You can confirm that Takumi Guard is working by attempting to install a known test package:

```bash
npm install @panda-guard/test-malicious
```

This package is permanently on the blocklist. If Takumi Guard is configured correctly, npm will report a `403 Forbidden` error and the install will fail. You can safely remove it from your `package.json` afterward.

## Publishing and Login {#publishing-and-login}

Takumi Guard is a read-only security proxy. Write operations such as `npm login`, `npm publish`, and `npm adduser` are not supported through the proxy. When performing these operations, specify the target registry directly:

```bash
npm login --registry=https://registry.npmjs.org/
npm publish --registry=https://registry.npmjs.org/
```

If you set Takumi Guard as your global registry and need to publish, always pass the `--registry` flag to ensure the command goes to the correct registry.

## Uninstall {#uninstall}

To stop using Takumi Guard, revert your registry settings to the public npm registry.
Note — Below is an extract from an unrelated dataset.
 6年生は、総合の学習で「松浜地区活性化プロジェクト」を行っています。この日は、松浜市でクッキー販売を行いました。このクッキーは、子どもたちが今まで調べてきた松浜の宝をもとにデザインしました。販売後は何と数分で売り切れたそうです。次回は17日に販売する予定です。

### Local Environment {#uninstall-local}

Remove the Takumi Guard lines from your project's `.npmrc`:

```ini
# Remove the following lines
registry=https://npm.flatt.tech/
//npm.flatt.tech/:_authToken=tg_anon_xxxxxx
```

If you changed the global configuration, reset it to the default:

```bash
npm config delete registry
npm config delete //npm.flatt.tech/:_authToken
```

If you use pnpm or yarn berry, similarly remove the Takumi Guard registry URL from the respective config files (`.npmrc` or `.yarnrc.yml`).
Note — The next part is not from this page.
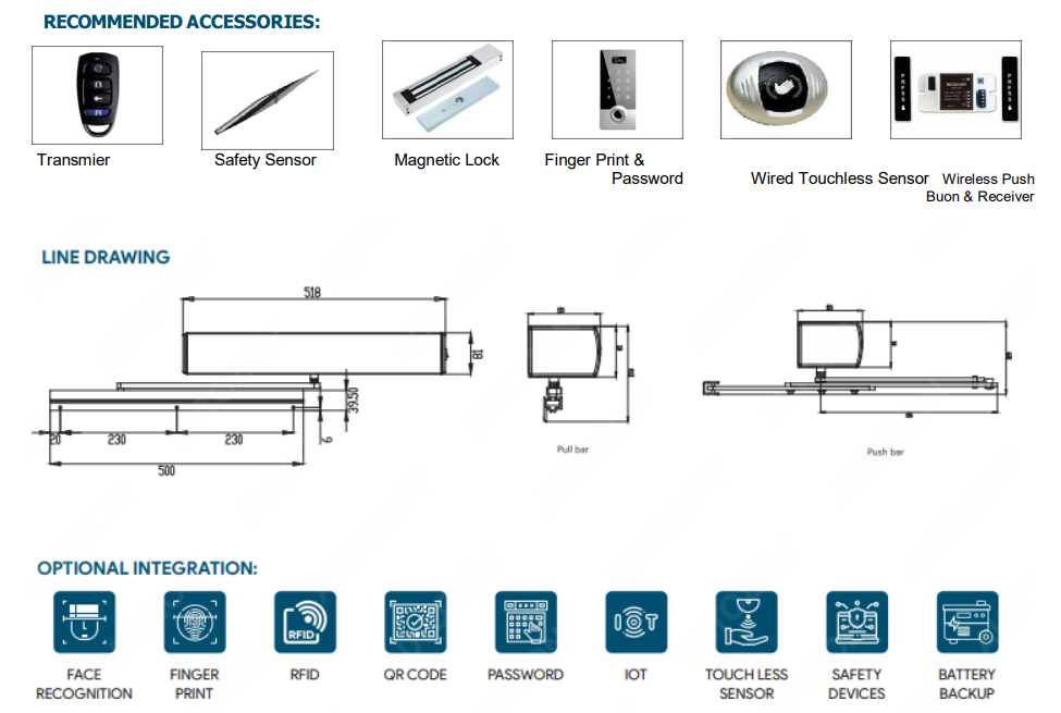 - TheSwing Door Operator drive unit operates with less noise, with reliable peormance and safety, providing more convenience

### GitHub Actions {#uninstall-ci}

Remove the `flatt-security/setup-takumi-guard-npm` step from your workflow file:

```yaml
# Remove the following step
- uses: flatt-security/setup-takumi-guard-npm@v1
  with:
    bot-id: "BT01EXAMPLE..."
```

:::info
Once the registry setting is removed, `npm install` will access the public npm registry directly. No lockfile changes are required.